Alternative hypothesis: There is a difference between the yield of ground nuts between the sample farmers and the county as a whole.
Equation: (0.52-0.57)/(.3/sqrt 23)= -0.799
Probability: 21.66%
-0.779 falls between -2.074 and 2.074 so for ground nuts, the null hypothesis will fail to be rejected.

Cassava:
Null hypothesis: There is no difference between the yield of cassava between the sample farmers and the county as a whole.
Alternative hypothesis: There is a difference between the yield of cassava between the sample farmers and the county as a whole.
Equation: (3.3-3.7)/(.75/sqrt 23) = -2.558
Probability: 1.07%
 -2.558 falls outside of -2.074 and 2.074 so for cassavas, the null hypothesis will be rejected.

Beans:
Null hypothesis: There is no difference between the yield of beans between the sample farmers and the county as a whole.
Alternative hypothesis: There is a difference between the yield of beans between the sample farmers and the county as a whole.
Equation: (0.34-0.29)/(0.12/sqrt 23) = 1.998
Probability: 97.03%
1.998 falls  between -2.074 and 2.074 so for beans, the null hypothesis will fail to be rejected.

Similarities:
The beans and ground nuts both failed to reject the null hypothesis meaning that they both are not statistically different from the population mean. Another similarity is between ground nuts and cassava. Both of sample means for these two crops were lower than the population mean.

Differences:
The cassava was the only crop that rejected the null hypothesis. The beans was the only crop that had a sample mean larger than the population mean.

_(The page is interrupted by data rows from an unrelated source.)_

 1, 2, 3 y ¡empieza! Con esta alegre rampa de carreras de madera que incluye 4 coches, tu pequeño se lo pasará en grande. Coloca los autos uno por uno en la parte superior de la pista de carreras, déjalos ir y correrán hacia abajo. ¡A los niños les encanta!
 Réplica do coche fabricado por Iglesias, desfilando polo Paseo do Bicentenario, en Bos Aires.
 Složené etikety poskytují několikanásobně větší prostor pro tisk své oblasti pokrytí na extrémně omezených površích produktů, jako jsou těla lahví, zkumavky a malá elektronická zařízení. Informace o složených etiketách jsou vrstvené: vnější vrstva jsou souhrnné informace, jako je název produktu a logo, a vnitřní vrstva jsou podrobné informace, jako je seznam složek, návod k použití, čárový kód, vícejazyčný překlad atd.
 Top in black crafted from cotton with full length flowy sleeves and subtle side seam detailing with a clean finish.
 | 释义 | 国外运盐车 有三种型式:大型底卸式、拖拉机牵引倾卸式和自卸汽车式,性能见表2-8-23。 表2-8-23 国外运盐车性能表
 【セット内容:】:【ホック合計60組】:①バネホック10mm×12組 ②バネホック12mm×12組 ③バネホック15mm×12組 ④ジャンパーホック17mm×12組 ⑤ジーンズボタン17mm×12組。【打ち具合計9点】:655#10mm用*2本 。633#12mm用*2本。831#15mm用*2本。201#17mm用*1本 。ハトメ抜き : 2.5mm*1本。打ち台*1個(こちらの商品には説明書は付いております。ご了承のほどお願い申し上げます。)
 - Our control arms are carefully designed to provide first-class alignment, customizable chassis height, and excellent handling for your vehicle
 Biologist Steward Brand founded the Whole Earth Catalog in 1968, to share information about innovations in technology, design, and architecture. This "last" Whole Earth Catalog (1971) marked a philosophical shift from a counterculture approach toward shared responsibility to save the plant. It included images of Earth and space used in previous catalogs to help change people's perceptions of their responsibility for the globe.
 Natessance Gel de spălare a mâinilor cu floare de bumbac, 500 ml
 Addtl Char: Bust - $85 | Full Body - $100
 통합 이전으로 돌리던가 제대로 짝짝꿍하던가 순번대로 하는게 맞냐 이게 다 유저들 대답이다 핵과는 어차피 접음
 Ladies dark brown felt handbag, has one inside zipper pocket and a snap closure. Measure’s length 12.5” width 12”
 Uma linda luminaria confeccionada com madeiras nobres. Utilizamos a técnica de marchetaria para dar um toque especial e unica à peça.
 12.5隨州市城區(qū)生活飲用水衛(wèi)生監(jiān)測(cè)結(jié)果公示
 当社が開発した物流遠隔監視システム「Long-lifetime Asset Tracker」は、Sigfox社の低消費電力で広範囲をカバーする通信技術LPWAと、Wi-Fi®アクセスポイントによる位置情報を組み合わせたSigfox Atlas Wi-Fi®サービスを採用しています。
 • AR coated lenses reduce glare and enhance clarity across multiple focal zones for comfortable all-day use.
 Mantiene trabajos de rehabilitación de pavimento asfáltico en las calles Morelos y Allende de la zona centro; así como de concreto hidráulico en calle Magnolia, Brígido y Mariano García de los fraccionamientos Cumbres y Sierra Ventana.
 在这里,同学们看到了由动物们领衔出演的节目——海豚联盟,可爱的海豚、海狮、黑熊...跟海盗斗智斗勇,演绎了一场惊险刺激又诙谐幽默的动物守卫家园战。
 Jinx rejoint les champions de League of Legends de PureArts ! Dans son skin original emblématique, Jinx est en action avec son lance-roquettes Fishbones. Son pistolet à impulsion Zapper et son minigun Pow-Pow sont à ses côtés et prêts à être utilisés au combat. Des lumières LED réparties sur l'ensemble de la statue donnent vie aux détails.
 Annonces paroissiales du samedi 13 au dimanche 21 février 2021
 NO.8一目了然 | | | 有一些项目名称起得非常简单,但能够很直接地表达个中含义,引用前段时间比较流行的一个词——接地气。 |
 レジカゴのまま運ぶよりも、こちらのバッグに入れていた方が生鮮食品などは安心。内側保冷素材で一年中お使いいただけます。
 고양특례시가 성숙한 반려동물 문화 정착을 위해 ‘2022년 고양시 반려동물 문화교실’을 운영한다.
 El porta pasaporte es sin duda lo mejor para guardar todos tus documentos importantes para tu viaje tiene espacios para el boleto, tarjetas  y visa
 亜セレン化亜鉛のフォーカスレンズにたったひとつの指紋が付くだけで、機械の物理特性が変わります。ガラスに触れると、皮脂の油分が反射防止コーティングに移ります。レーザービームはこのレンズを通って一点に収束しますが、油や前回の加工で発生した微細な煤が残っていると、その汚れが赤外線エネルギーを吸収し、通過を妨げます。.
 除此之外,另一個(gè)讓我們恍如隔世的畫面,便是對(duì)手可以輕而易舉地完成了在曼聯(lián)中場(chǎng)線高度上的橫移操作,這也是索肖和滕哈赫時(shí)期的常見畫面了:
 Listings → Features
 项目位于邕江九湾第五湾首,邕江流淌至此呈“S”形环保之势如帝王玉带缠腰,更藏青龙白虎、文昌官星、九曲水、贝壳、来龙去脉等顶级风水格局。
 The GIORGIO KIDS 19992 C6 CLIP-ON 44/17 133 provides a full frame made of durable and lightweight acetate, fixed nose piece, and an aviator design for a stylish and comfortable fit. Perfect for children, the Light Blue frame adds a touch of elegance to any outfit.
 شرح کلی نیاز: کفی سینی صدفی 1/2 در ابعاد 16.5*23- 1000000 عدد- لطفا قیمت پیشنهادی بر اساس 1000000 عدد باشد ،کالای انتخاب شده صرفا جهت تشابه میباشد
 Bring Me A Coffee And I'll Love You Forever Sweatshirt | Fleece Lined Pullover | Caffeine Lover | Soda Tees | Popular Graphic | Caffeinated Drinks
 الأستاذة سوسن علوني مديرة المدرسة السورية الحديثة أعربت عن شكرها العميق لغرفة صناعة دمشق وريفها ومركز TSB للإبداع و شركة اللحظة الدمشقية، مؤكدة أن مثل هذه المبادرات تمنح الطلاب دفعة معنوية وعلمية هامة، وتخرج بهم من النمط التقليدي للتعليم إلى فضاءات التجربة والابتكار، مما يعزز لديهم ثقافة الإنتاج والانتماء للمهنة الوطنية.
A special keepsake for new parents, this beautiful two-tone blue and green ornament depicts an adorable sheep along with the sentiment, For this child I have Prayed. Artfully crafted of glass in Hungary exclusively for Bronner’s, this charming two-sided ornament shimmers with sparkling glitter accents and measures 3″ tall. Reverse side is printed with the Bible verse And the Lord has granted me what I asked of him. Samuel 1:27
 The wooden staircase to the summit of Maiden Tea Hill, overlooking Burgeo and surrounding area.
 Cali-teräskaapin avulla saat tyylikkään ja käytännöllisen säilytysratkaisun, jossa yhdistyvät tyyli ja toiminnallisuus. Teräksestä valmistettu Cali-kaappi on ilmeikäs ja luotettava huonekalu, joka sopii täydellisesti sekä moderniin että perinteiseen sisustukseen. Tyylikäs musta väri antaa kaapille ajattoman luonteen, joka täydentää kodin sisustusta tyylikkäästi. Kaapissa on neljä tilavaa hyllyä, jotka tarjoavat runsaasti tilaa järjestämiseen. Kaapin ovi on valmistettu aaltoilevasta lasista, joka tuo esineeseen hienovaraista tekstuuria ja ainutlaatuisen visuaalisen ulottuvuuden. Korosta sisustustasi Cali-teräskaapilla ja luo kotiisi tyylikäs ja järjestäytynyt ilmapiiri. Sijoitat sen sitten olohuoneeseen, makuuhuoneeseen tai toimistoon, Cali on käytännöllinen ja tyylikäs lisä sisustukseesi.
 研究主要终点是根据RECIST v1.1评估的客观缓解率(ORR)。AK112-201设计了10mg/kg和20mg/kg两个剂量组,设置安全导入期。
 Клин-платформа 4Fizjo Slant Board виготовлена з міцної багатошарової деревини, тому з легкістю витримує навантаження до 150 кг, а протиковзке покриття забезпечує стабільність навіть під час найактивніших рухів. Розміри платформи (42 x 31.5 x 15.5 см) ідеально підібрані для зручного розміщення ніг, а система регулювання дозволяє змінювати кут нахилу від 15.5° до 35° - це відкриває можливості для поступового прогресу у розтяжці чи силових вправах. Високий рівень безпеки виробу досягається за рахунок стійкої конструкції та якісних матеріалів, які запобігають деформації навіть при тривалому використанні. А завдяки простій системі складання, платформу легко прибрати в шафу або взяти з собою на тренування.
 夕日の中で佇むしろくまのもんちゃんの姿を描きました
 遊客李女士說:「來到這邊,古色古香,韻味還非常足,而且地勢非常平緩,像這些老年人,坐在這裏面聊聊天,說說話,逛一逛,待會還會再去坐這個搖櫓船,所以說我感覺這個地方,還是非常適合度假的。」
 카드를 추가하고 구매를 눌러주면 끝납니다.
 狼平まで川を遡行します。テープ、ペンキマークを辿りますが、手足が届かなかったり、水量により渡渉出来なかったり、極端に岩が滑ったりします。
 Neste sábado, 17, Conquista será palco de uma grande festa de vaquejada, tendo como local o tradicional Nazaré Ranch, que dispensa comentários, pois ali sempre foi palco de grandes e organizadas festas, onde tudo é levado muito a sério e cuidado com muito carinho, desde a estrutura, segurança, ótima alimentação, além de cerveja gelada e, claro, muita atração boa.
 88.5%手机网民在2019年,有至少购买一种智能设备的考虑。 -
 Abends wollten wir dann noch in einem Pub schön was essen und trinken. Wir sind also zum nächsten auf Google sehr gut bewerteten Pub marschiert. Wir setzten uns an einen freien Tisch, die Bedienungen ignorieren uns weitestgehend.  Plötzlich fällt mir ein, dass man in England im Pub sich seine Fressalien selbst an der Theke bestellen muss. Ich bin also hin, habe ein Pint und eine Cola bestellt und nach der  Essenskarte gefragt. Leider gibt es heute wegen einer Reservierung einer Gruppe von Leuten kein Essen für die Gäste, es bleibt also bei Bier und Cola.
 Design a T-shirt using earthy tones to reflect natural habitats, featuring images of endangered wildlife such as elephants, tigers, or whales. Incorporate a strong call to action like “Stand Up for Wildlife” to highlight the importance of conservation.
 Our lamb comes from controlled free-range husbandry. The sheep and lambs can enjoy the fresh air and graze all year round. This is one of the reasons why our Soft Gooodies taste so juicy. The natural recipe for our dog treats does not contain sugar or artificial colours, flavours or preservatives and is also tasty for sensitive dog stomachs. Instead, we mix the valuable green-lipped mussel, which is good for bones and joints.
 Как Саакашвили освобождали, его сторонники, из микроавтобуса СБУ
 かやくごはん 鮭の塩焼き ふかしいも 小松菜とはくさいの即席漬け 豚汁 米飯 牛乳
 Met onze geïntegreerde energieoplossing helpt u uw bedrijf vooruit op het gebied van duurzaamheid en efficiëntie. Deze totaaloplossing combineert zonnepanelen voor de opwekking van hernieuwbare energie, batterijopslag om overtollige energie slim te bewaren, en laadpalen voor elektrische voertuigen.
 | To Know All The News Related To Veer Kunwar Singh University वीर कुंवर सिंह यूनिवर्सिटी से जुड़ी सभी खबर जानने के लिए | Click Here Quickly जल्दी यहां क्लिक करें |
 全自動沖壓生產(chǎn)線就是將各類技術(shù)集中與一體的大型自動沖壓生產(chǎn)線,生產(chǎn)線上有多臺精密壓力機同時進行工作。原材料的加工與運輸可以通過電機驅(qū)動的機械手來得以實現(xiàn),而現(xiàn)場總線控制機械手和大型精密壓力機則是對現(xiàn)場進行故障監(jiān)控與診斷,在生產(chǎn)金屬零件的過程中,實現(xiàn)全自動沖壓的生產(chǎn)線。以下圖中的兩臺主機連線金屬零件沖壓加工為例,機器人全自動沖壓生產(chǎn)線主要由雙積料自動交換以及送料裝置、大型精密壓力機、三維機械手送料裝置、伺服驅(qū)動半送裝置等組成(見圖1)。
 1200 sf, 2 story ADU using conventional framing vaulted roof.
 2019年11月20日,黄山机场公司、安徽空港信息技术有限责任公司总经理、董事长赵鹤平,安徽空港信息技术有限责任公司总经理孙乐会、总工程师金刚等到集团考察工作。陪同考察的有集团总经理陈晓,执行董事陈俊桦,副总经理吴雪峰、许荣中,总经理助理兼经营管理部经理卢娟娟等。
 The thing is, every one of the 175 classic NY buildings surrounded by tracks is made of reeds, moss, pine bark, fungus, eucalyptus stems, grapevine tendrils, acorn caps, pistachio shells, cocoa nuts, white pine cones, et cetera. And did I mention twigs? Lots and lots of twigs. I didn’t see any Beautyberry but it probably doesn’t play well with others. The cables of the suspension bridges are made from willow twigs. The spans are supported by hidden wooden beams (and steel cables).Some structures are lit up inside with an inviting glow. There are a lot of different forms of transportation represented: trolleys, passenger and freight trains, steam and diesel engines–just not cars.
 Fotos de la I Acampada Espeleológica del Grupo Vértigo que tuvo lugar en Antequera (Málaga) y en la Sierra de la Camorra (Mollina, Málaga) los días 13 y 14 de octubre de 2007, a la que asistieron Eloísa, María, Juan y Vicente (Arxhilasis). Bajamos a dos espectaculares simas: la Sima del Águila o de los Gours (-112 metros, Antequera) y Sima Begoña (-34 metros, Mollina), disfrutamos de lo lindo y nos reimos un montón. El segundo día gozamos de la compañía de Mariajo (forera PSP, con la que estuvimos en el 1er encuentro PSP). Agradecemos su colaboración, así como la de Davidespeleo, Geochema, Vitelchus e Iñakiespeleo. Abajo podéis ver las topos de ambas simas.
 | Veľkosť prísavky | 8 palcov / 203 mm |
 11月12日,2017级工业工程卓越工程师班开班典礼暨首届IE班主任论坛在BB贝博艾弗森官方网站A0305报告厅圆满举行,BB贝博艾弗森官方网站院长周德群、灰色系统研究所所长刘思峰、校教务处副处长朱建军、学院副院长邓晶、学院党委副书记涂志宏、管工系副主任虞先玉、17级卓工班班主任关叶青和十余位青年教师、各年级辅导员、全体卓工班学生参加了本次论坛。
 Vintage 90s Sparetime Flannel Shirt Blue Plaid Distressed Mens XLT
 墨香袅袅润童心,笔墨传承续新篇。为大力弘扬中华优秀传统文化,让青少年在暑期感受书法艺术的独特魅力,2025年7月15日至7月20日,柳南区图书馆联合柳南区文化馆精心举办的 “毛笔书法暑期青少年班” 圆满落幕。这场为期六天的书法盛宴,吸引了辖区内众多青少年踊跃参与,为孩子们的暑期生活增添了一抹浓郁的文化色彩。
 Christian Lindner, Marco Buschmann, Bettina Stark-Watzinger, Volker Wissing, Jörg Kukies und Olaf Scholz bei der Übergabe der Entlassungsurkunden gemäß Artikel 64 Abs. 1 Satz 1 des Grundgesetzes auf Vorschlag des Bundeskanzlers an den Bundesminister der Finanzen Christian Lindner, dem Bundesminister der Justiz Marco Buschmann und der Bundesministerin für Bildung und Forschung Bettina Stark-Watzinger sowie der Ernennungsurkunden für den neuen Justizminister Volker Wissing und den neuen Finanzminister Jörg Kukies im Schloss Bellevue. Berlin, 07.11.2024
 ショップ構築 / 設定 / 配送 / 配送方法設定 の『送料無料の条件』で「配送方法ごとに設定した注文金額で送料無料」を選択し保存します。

The last section of part one looks at the level pollution in a stream. There were 17 samples taken and with a sample mean pollution level of 6.4 mg/l and a standard deviation of 4.4. The allowable limit for stream pollution is 4.2 mg/l. The part uses hypothesis testing to determine if the stream is statically over the allowable limit.

Null hypothesis: There is no difference between the mean of the pollution samples and the allowable limit for the stream.
Alternative hypothesis: There is a difference between the mean of the pollution samples and the allowable limit for the stream.
Statistical test: The sample size is 17. 17 is under 30 so a t test is needed for this.
Level of significance: This was provided and is 95% of a one tailed test. For a level of significance of 95% for a one tailed t test is 1.746.
Equation: (6.4-4.2)/(4.4/sqrt 17) = 2.0616
Probability: 97.4%
2.0161 is over 1.746 so the null hypothesis will be rejected.
This means that there is a difference between the mean of the pollution samples and the allowable limit for the stream. The researcher was correct that the level of pollution in the stream is over the allowable limit. However, by how much it is over is unknown.

Part 2:

For the second part of the assignment, home values are compared between the block groups for the city of Eau Claire and the block groups for Eau Claire county as a whole to see if home values for the city are statistically different from that of the county. This can be done with hypothesis testing. The mean for the home values for Eau Claire county is 169438.13. The mean for the home values for the city of Eau Claire is 151876.509 with a standard deviation of 49706.919 with a n of 53.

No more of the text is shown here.